発足当初、日本共産党を支持するグループが日教組の主流派を占めたが、規模が大きくなるにつれ共産党系は非主流派となり、日本社会党を支持する勢力が主流派となる(ただしこの中でも右派・左派に分かれている)。社会主義および共産主義を思想の底流に持つ日教組は、戦前の国家による思想教育に対する反省ともあいまって、「教育の民主化(国家的統制の拒否)」を活動の重要な柱のひとつに掲げる。
そのため、1956年には当時住民の公選制であった教育委員会が、首長による任命制へ移行されるという政策に強く反対した。また、国家統制の象徴であるとして学校での国旗掲揚・国歌斉唱に反対してきた(現在はそのような主張はしていない)。
また、教育における子どもの競争や教師の評価を拒否し、子どもや教師の序列付けを激しく拒んできた。昭和30年代(1955~1964年)には教師の勤務評定の実施阻止、全国統一学力テストの反対などを行う。これらの反対運動は地域社会も巻き込み、大規模におこなわれた。勤務評定反対運動では、公務員には禁止されているストライキを大々的に行い、約6万人の組合員が何らかの処分を受けている。
社会主義との親和性の高さは、幹部による北朝鮮への密接な関わりにも表れている。計30年にわたり日教組の中央役員を務め、「ミスター日教組」と呼ばれた槙枝元文(2010年死去)は北朝鮮を礼賛し、最も尊敬する人物に金日成を挙げている。また、北朝鮮の指導思想であるチュチェ(主体)思想を学ぶ「日本教職員チュチェ思想研究会全国連絡協議会」は、日教組関係者が歴代会長を務めている。
平和運動等にも積極的に関与し、政治的メッセージを発信するほか、デモ活動でも盛んに各都道府県教組から人員を派遣している。

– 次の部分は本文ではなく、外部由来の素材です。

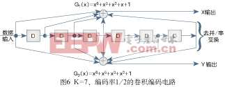 图6示出了约束长度K=7、基本编码率为1/2的卷积编码电路。可供选择的内码编码率及此时的缩短式传送信号(缩短码)示于表4。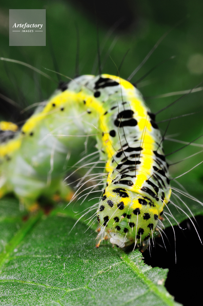 | 作品タイトル | オクラの葉を食べるフタトガリコヤガ・幼虫 | モデルリリース | なし | |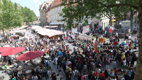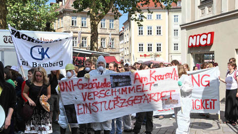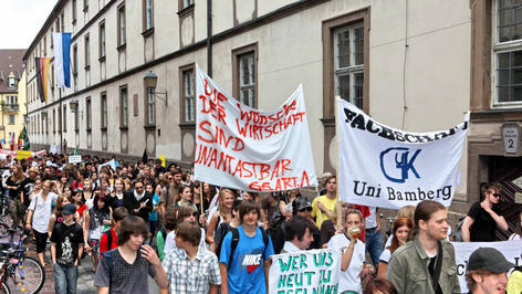 Einen denkwürdigen Tag haben sich die Bamberger Schüler und Studenten für ihren gestrigen Bildungsstreik ausgesucht: Gingen doch schon vor 56 Jahren erstmals die Bürger der DDR auf die Straßen, um für Freiheit zu kämpfen. Insgesamt zogen am Vormittag rund 700 Schüler und Studenten durch die Innenstadt von Bamberg, um für ein besseres und vor allem kostenfreies Bildungssystem sich stark zu machen. Und dies obwohl es den Schülern, nach vorsichtigen Schätzungen bestand mehr als die Hälfte der Demonstranten aus Schülern, verboten war, während der Unterrichtszeit ihre Meinung zu äußern.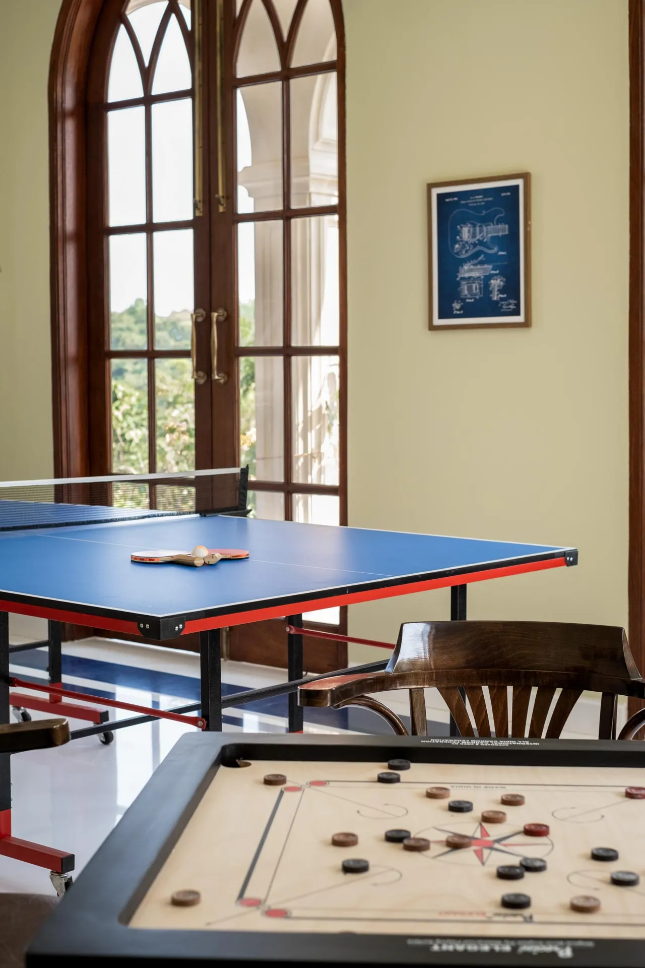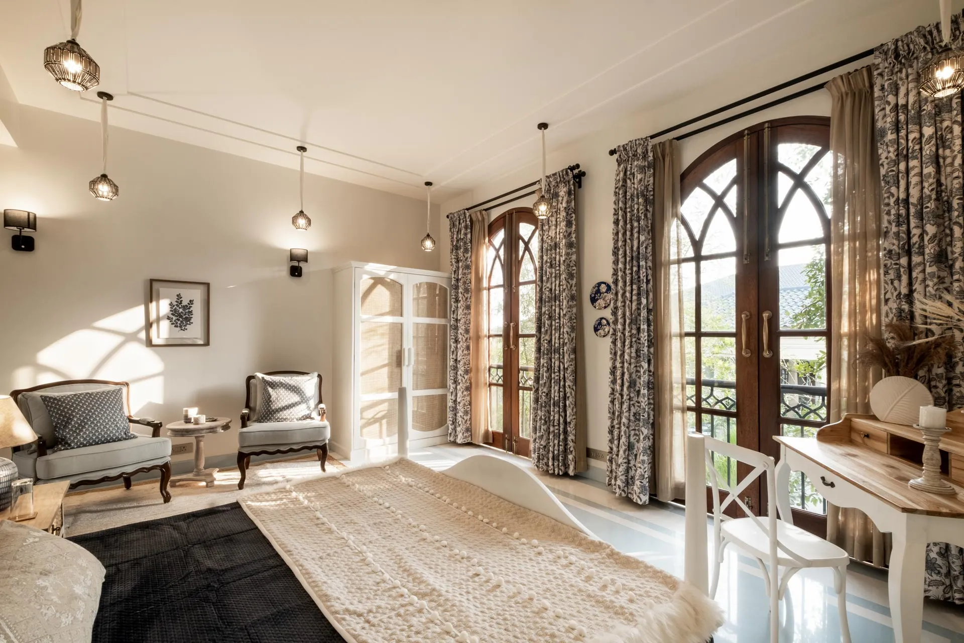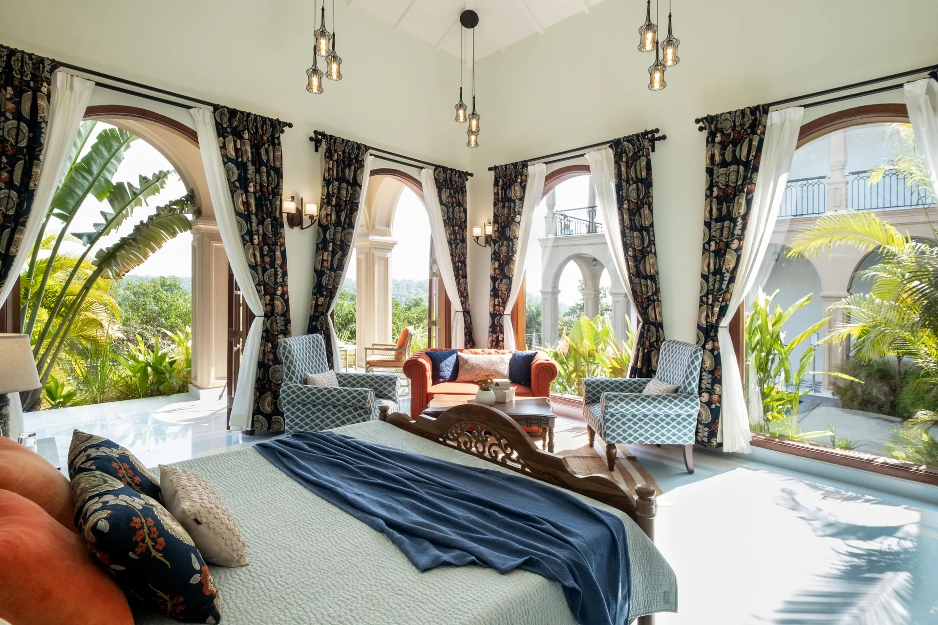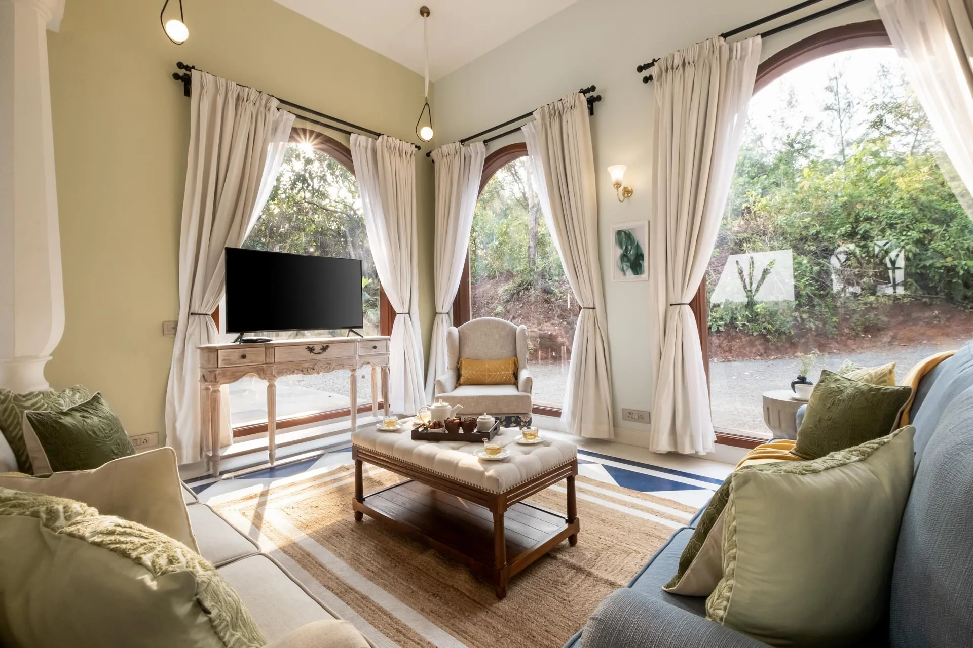 Set atop the hills of Mandrem, Sacri Borod Hill 6 is part of an exclusive villa community in Goa. Boasting majestic Mediterranean architecture and ethereal views of the surrounding vegetation, the villa is an idyllic getaway for large groups. Find a cosy corner in one of the 5 ensuite bedrooms or gather with your friends and family in the elegant living room. Enjoy a playful match in the games room or watch the sunset from one of the balcony sit-outs overlooking the Ashwem sea. Dip in the private pool or take a stroll in the luscious green gardens.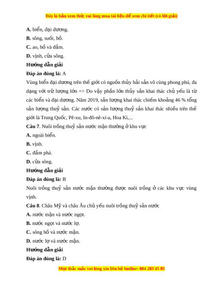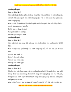 A. địa hình và nguồn h i ả s n. ả B. khí h u và d ậ ng ạ đ a hì ị nh. C. nguồn nư c ớ và khí h u. ậ D. sinh v t ậ và nguồn nư c. ớ Hư ng d ớ ẫn gi i ả Đáp án đúng là: C S n ả xu t ấ thuỷ s n ả mang tính mùa v , ụ phụ thu c ộ nhi u ề vào ngu n ồ nư c ớ và khí h u. ậ Câu 5. Hi n ệ nay, ngu n ồ thuỷ s n ả đư c ợ cung c p ấ chủ y u ế trên thế gi i ớ từ khai thác A. th y s ủ n n ả ư c ớ l . ợ B. thu s ỷ n ả nuôi tr ng. ồ C. thu s ỷ n n ả ư c ớ m n. ặ D. thu s ỷ n n ả ư c ơ ng t ọ . Hư ng d ớ ẫn gi i ả Đáp án đúng là: B Nguồn thuỷ s n ả đư c ợ cung c p ấ chủ y u ế trên thế gi i ớ là ngu n ồ th y ủ s n ả nuôi trồng. Thuỷ s n ả nuôi tr ng ồ chi m ế 54% t ng ổ s n ả lư ng ợ thuỷ s n ả c a ủ thế gi i ớ , trong đó nuôi nư c ớ ng t ọ chi m ế 62,5% t ng ổ s n ả lư ng ợ thuỷ s n ả nuôi tr ng ồ trên th gi ế i ớ (năm 2019). Câu 6. Nguồn th y s ủ n có đ ả ư c ợ đ cung c ể p cho t ấ h gi ế i ớ chủ y u khai ế thác từ M i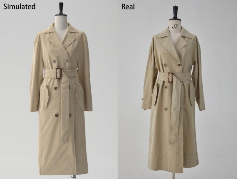 虚拟风衣和真实风衣对比。多年来,Style3D一直在推进更高效逼真的变形体模拟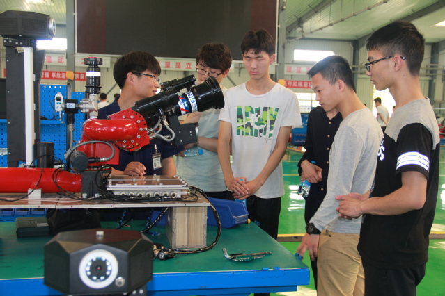 徐州鑫科机器人有限公司张钧晟总经理对我校师生进行了热烈欢迎,此次参观分为企业概况介绍、观看企业宣传片、参观生产车间、产品现场演示以及企业人才需求讲解等主要环节。参观期间,我院学生认真向现场技术人员请教学习,并对其中一些技术细节同工作人员进行交流;在消防灭火机器人现场演示环节,同学们不时发出惊呼,来自14机41班的黄金峰同学就机器人的现场表现向机器人的设计人员提出了自己的见解,得到了现场工作人员的赞赏;陈子宁同学抓住机会,亲身体验了对机器人的操控。最后,公司领导和员工与同学们进行了深入的交流互动,并与大家合影留念。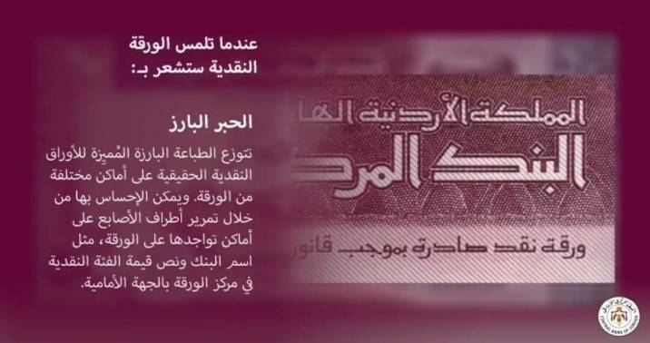 لذلك اقتضى الأمر من البنك المركزي الاردني التنويه وضرورة التأكيد على  كافة المواطنين والمتعاملين بضرورة الإنتباه والتأكد من وجود العلامات الأمنية الموضحة أعلاه، والتي سبق وأن قام البنك المركزي بنشرها وتوضيحها عبر وسائل الإعلام المحلية الرسمية وشبكات التواصل الاجتماعي ونشرها كذلك على الموقع الرسمي للبنك المركزي الأردني..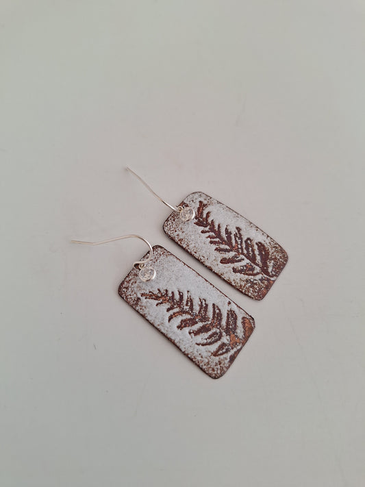 Copper Fern earrings – Enamel Pendant – One of a Kind Botanical Jewelry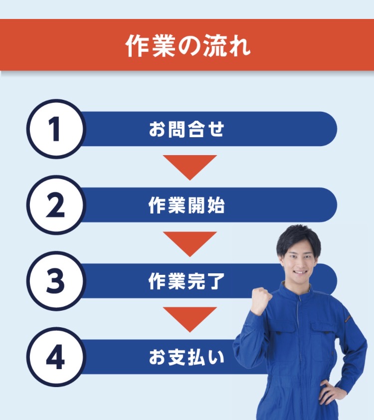 トップページ トラブル一覧 料金案内 作業の流れ 対応エリア よくある質問 会社概要 プライバシーポリシー 相互リンク 選ばれる理由 お客様の声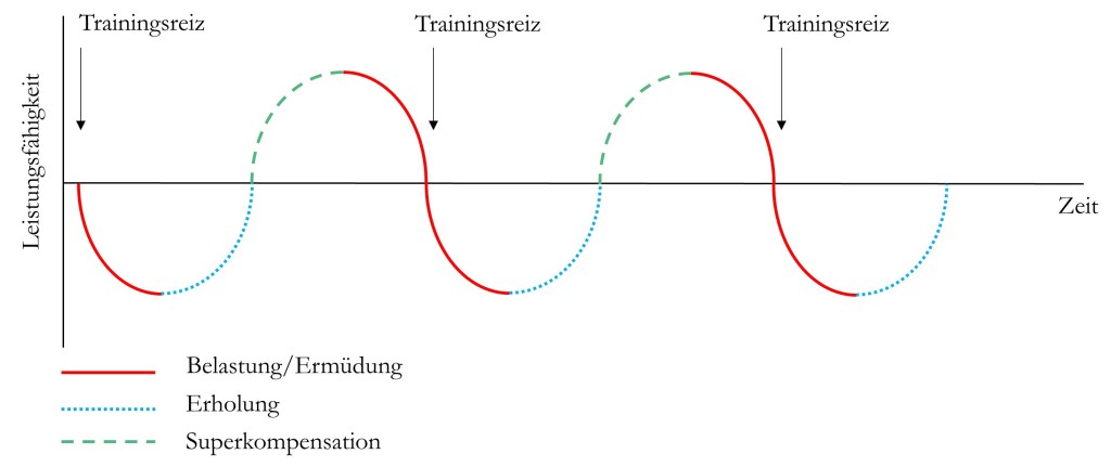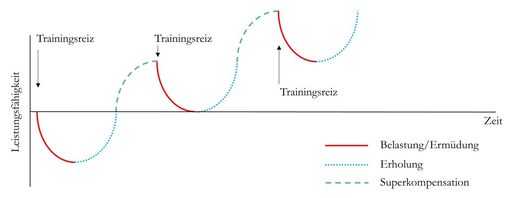 Die optimale Balance zwischen Belastung und Regeneration ist daher entscheidend, um Fortschritte zu erzielen. Denn nur dann kommst du zu dieser schönen Superkompensationskurve: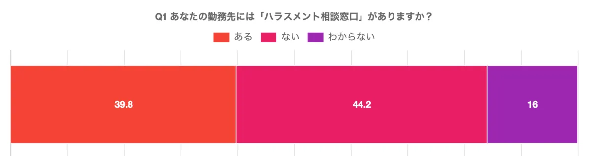 調査結果では、39.8%の人が勤務先にハラスメント相談窓口が「ある」と認識していることが分かりました。しかし、多くの人が「ない」と答える一方で、その内容を「わからない」と応じた人も16.0%に達しています。これは、制度が整備されているにもかかわらず、十分に浸透していない現状を浮き彫りにしています。
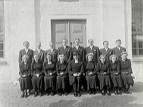 Konfirmandgrupp med pastorn i mitten, Edvin Elmkvist.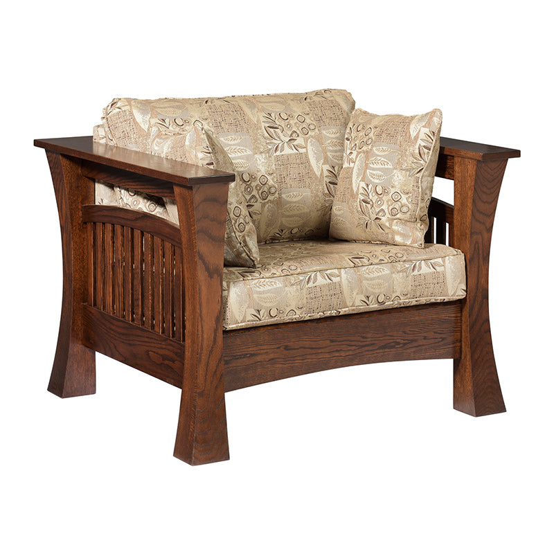 The custom-made Gateway Chair is a comfortable, relaxing addition to the Gateway collection from Barn Furniture, which includes chairs, tables and additional seating. This Amish-made chair has the same curved lines and slatted styling as the matching Gateway Love Seat, as well as the convenient and comfy Gateway Ottoman, and is a wonderful addition to den, living or family room! This oversized chair measures 41 1/4" wide by 39" deep by 35" high, and is available in a variety of wood finishes and fabric options—a versatile piece to match any décor. This handmade chair is designed to be water and stain resistant, is made in the USA, and like all Barn Furniture products, is guaranteed to add style and value to your home.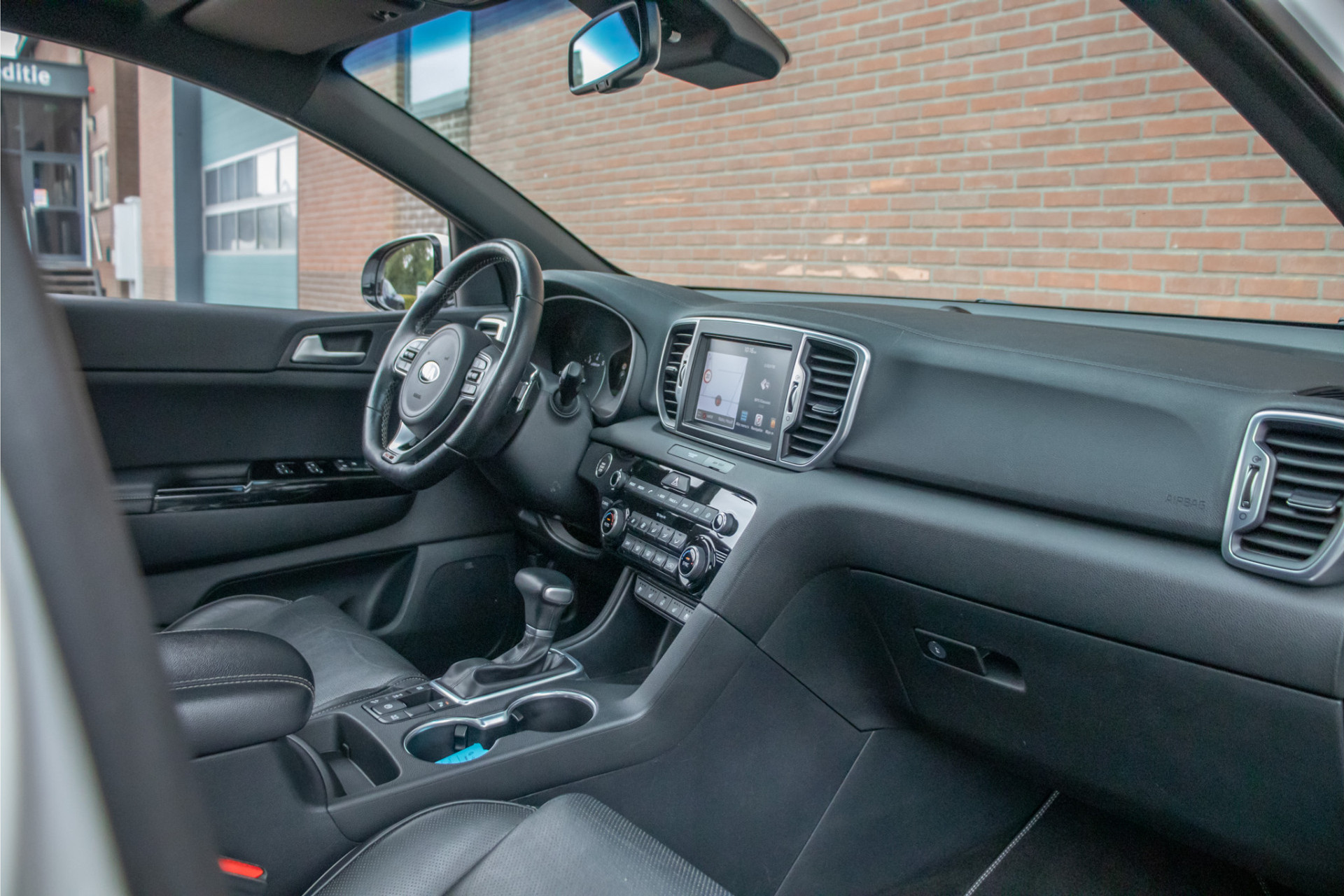 Daarnaast is deze Kia ook standaard zeer met compleet met o.a. lederen bekleding, D-shaped stuurwiel met stuurwielverwarming en schakelflippers, aluminium instaplijsten en pedalen, Ice Cube LED-mistlampen vóór, 19" lichtmetalen velgen, dubbele uitlaat, GT-Line grille in hoogglans zwart, stoelverwarming voor en achter, digitale radio, Apple Carplay/Android Auto voorbereiding, Supervision instrumentencluster, actieve rijbaanassistentie, snelheidsbordenherkenning, grootlichtassistentie, elektrisch bedienbare handrem, panorama schuif-/kanteldak, Smart Key, parkeersensoren vóór en achter en privacy glass.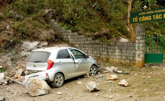 Dư chấn động đất làm đá lở gây hư hỏng xe ô-tô ở Lũng Phjắc, xã Đàm Thủy, huyện Trùng Khánh (Cao Bằng).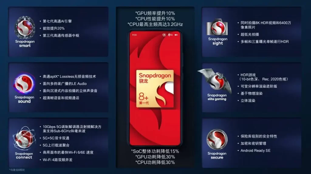 The OPPO Reno10 series consists of three models, each equipped with a different chipset platform. The OPPO Reno10 Pro+ features the top-of-the-line first-generation Snapdragon 8+ Mobile Platform. The CPU of the Snapdragon 8+ platform features a tri-cluster architecture with a large Cortex-X2 core, a large A710 core, and a small A510 core.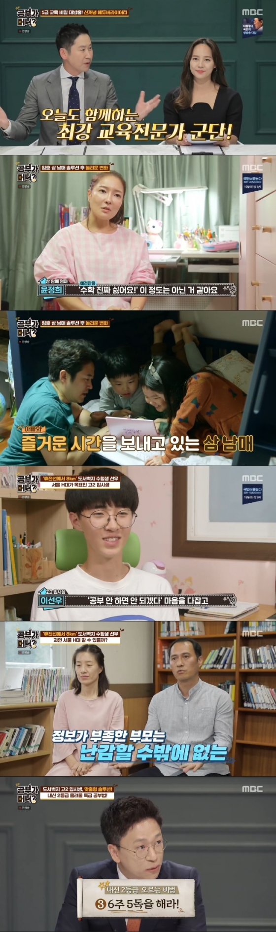 15일 방송된 MBC '공부가 머니?'에서는 배우 임호 가족과 도서벽지 학교를 다니고 있는 이선우 군의 가족이 출연, 다양한 고민과 다채로운 솔루션으로 큰 화제를 불러일으켰다.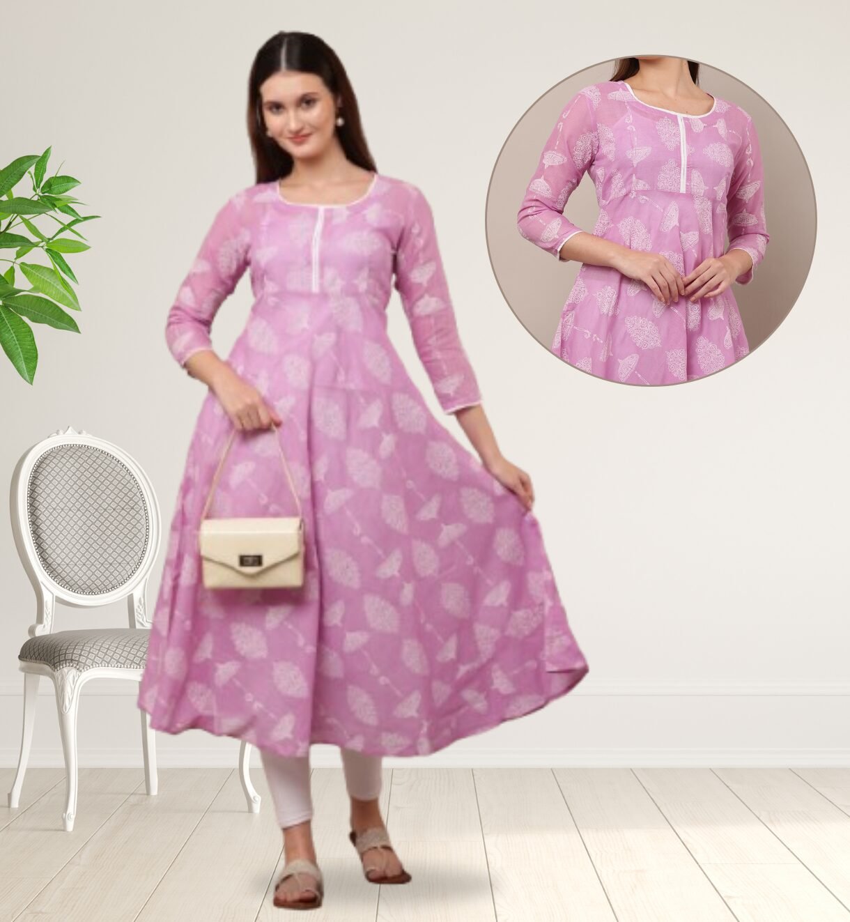 • Block Printed Artistry: The Block Printed Cotton Anarkali for Women features intricate block-printed patterns, a traditional Indian technique that showcases meticulous craftsmanship. The prints add a vibrant yet elegant touch, making this Anarkali a standout piece.

昨年夏以降に発表された「声明・談話」で、教育とは直接関連のないテーマのものには、
  • 関電高浜原発3号機の再稼働に抗議する書記長談話
  • 朝鮮民主主義人民共和国の水爆実験に抗議する書記長談話
  • 日印原子力協定の「原則合意」に関する書記長談話
  • 沖縄辺野古新基地建設に関する本体工事着手強行に抗議する書記長談話
  • 「安全保障関連法」に断固反対し、日本国憲法の理念を取り戻す書記長談話
などがある。

日教組バッシング

日教組への批判は数多いが、上記以外では主なものとして以下が挙げられる。
  • 教育活動よりも、各種集会への動員、選挙活動など組合から指示される仕事に熱心な組合員がいる。
  • 教育基本法等で教職員の政治活動は禁止されているが、それを無視して選挙運動を行っている。北海道教職員組合では、約1600万円の裏金を民主党候補者に渡した。
  • 組織率の高い都道府県では、組合役員を経験することが管理職や教育委員会への登用など出世のための定番コースとなっており、御用組合となっている。
  • ゆとり教育を推進。日本の子どもの学力を下げた。
  • 自虐史観の歴史教育や行き過ぎた性教育を推進。そのための不適切な副教材の作成と使用を行っている。
  • いじめの増加や子どもが荒れる原因を作っている。
このような指摘のうち、事実に即したものもあるが、「ゆとり教育が学力低下を招いた」や「いじめの増加や子どもが荒れる原因を作った」などは客観的根拠に乏しい。
経済協力開発機構(OECD)が3年ごとに実施している「生徒の学習到達度調査」(PISA)の結果が、「ゆとり教育」導入後の2003年に実施された調査で前年までと比較して大幅に下落。そのためゆとり教育との関連が盛んに叫ばれたが、調査時点ではゆとり教育が始まって1年しか経っていないことや、その後のPISA順位の向上(2009年、2012年)もゆとり教育を実施している間であったりと、ゆとり教育がスコアにどのような影響を及ぼしたのか、不明瞭である。
またいじめの増加等についても、重大事件が起きるとそれに呼応して調査が行われ、認知件数が一気に増えることが大きく影響している。増加を客観的に裏付ける統計に乏しく、また日教組教育が原因であるという因果関係も明確ではない。

組織の変遷

日教組の加入率(全教職員数に対して日教組へ加入した割合)は文部省が統計を取り始めた1958年には86.3%と、非常に高い割合を示した(図)。全国の公立小学校、中学校、高校の教職員のほとんどが加入していたことになる。その後一貫して加入率は落ちているが、昭和30年代と1988年に特に大きく下落している。昭和30年代の落ち込みは、上述したような様々な反対運動を大規模に行った結果、社会的信用を失ったことが主な原因とされる。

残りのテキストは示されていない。